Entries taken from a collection
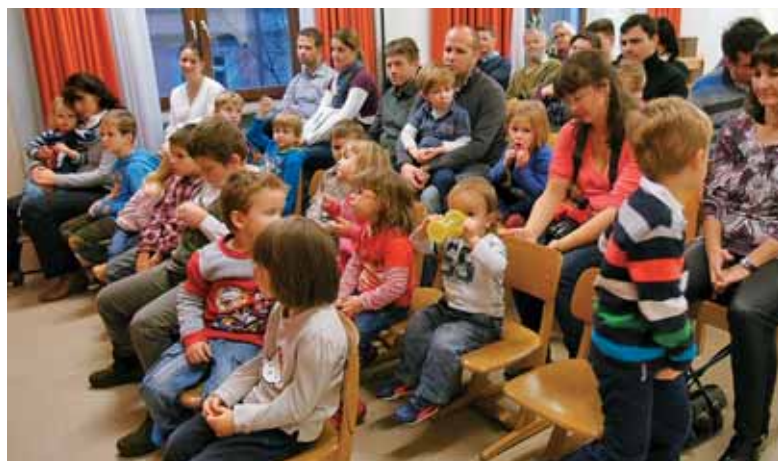
Starši so pripeljali svoje otročiče k sv. Miklavžu.

Miklavževanje. V soboto, 6. decembra, na god svetega Miklavža, smo imeli v naši skupnosti praznično slovesnost ob njegovem godu. Starši so prijaviili nekaj nad 20 otrok za sprejem in obdarovanje. Godovanje svetnika dobrote do bližnjega smo začeli v kapeli slovenskega župnijskega doma, kjer smo priporočili
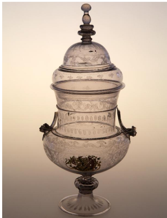
Manifattura veneziana; Seconda metà del XVI secolo Vetro incolore soffiato e lavorato a mano libera e a stampo; incisione a punta di diamante; pittura a freddo; doratura. H. cm 27,8 (con coperchio); diam. cm 12,3 Museo del Vetro di Murano, inv. Classe VI n. 1124 Provenienza Chiesa di San Martino di Burano (Venezia) Acquisto A. Barbini per il Museo Civico Vetrario di Murano, 1880
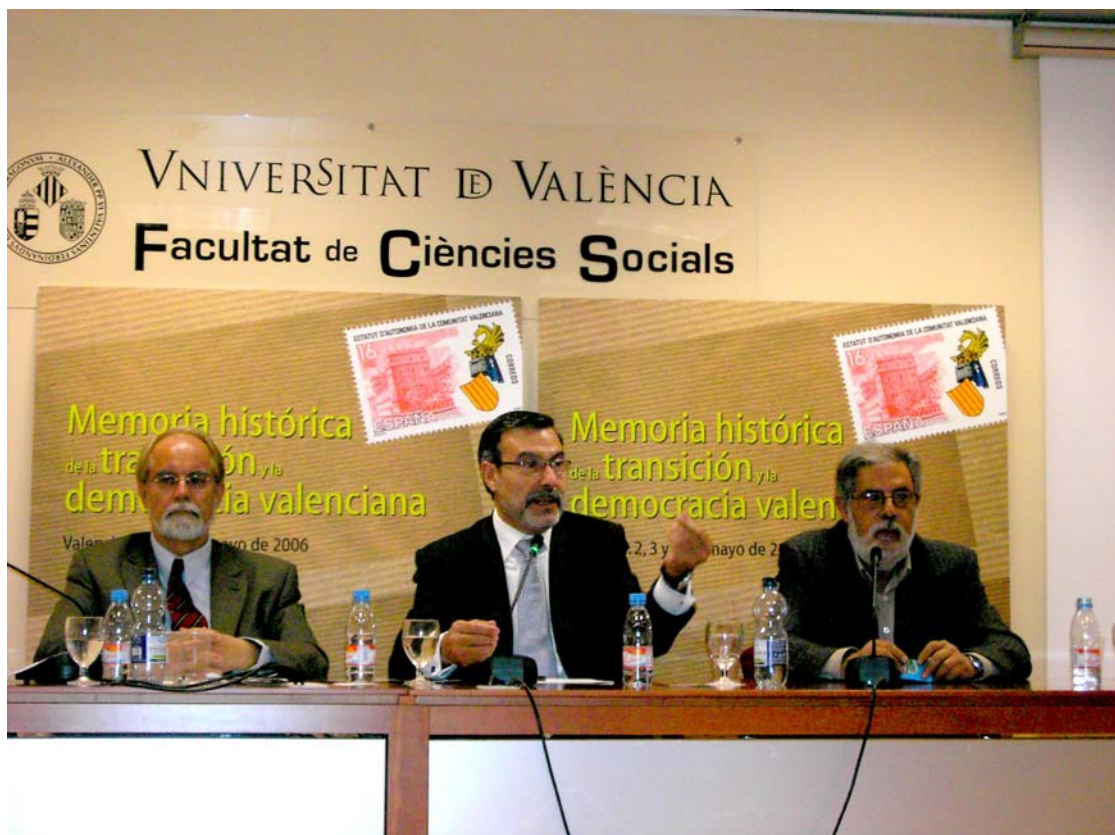
Vista general de una de las sesiones del curso en el salón de Grados de la Facultad de Derecho
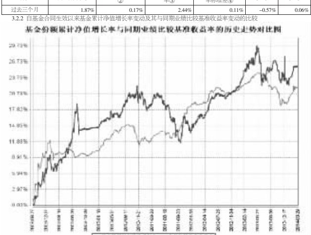
基金净值增长与同期业绩比较基准收益率的历史走势对比图 注:本基金合同约定本基金投资组合中,固定收益资产所占比例不低于基金资产的30%,权益类资产占比不超过基金资产的20%,且本基金持仓市值不得超过基金资产净值的5%。本基金的建仓期为自本基金合同生效之日起6个月,建仓期结束,各项资产占比符合合同约定。

基金投资组合报告 3.1 基金投资组合概况 3.2 基金投资组合报告 3.3 基金投资组合报告 3.4 基金投资组合报告 3.5 基金投资组合报告
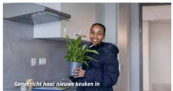
Genet richt haar nieuwe keuken in
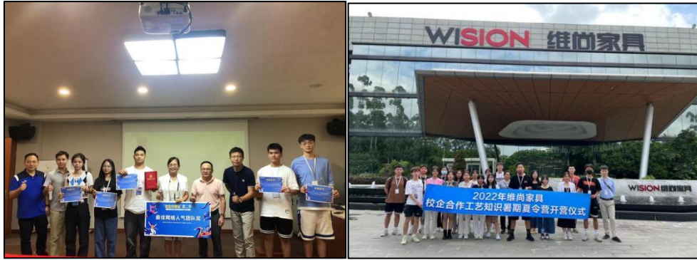
图三 维尚夏令营活动

> Problem to solve
Your task is to write out, exactly and without pictures, only the lines from the one holding "基金投资组合报告 3.1 基金投资组合概况" to the last line of the data.

> Final answer
基金投资组合报告 3.1 基金投资组合概况 3.2 基金投资组合报告 3.3 基金投资组合报告 3.4 基金投资组合报告 3.5 基金投资组合报告
Genet richt haar nieuwe keuken in
图三 维尚夏令营活动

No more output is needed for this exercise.